その力は子供とは思えないくらいすごい力だ……それほど本気なのだろう。
「ユキちゃん……」
「おかぁさん言った!どこにも行かないって!」
「そうだけど……」
「嘘はだめ!おかぁさんは……おかぁさん……やっと来てくれたのに……」
ユキちゃんはプルプルと身体を震わせてる、顔は見えないが涙を堪えてるのだろう。
「ユキ……迷惑かけるんじゃない」
「でも!じぃじ!」
「仕方ないんじゃ、仕事に行かせてあげるんだ」
「……」
ユキちゃんは力なく俺から離れて、大マスターの方を見上げる、そこには我慢しててもはみ出している涙がツーッと落ちていた……
「お……おじさんはおかぁさんのお仕事の人?」
大マスターはそれを見て、優しい笑顔。
つまり営業スマイルで淡々と答える。
「そうだよお嬢さん、君が大人になったらまた取り戻せるかもしれませんね」
「大人に……」
ユキちゃんはそれを聞いて絶望し、その場で膝から落ちる……
そのまま、大マスターと二人でユキちゃんをおいて歩く……これでいいんだ……むしろ短い期間で良かった……大人になる頃には俺の存在なんて忘れてしまうのだから……
「そんなの……待てない!」
「っ!!!!」
「ユキ!」
「ユキちゃん!?」
一瞬何か赤いマグマの様な線が大マスターを通りすぎたかと思ったらその線はこの家の結界を貫通し何かに当たって爆発した!
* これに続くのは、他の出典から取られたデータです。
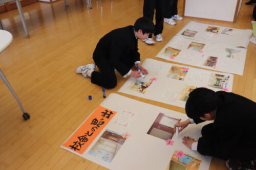 閉校への想い 2026年3月23日 に 平中学校 が投稿 閉校まで残り5日となりました。 今年度最後の道徳として、一人一人が校舎への想いを形にし、1階に掲示しました。 1年生は1年間、2年生は2年間過ごした学び舎に対する感謝、閉校することへのさみしさ等、愛校心が素敵な形となりました。 閉校式のときに掲示しますので、ぜひご覧ください。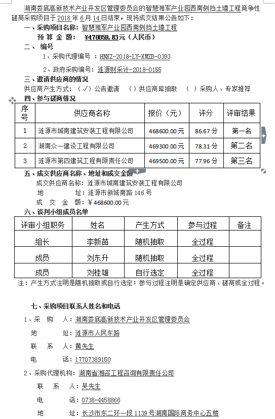 智慧湘軍產(chǎn)業(yè)園西南側(cè)擋土墻工程 競爭性磋商成交結(jié)果公告

振り返るとそこには涙を流しながら手を此方につきだし、その先に魔方陣を展開しているユキちゃんの姿があった!
「おかぁさんはもうどこにも行かせない!」
「…………ガキが、調子に乗ってると奴隷にするぞ」
「ひ……でも……それでもユキのおかぁさんだから!」
「このガキ!」
大マスターはいつもの営業スマイルはなくなり目を細めユキちゃんに近づいて……っ!だめだ!
「……どういうことだ、35番」
「……すいません……」
「おかぁ……さん」
俺はユキちゃんを庇うように幹部の前に立ちふさがっていた。
「ふむ……」
その光景を見て大マスターは考えてドアの方にいるおじいさんの前に行く。
「私と直接、商談をしますか?」
「……いいじゃろう」
そのまま大マスターとおじいさんは家へと入って行った……
「おかぁさん……おかぁさんおかぁさんおかぁさん!うわーん!」
「よしよし……」
俺はついに泣き崩れ始めたユキちゃんを優しく抱きしめいた。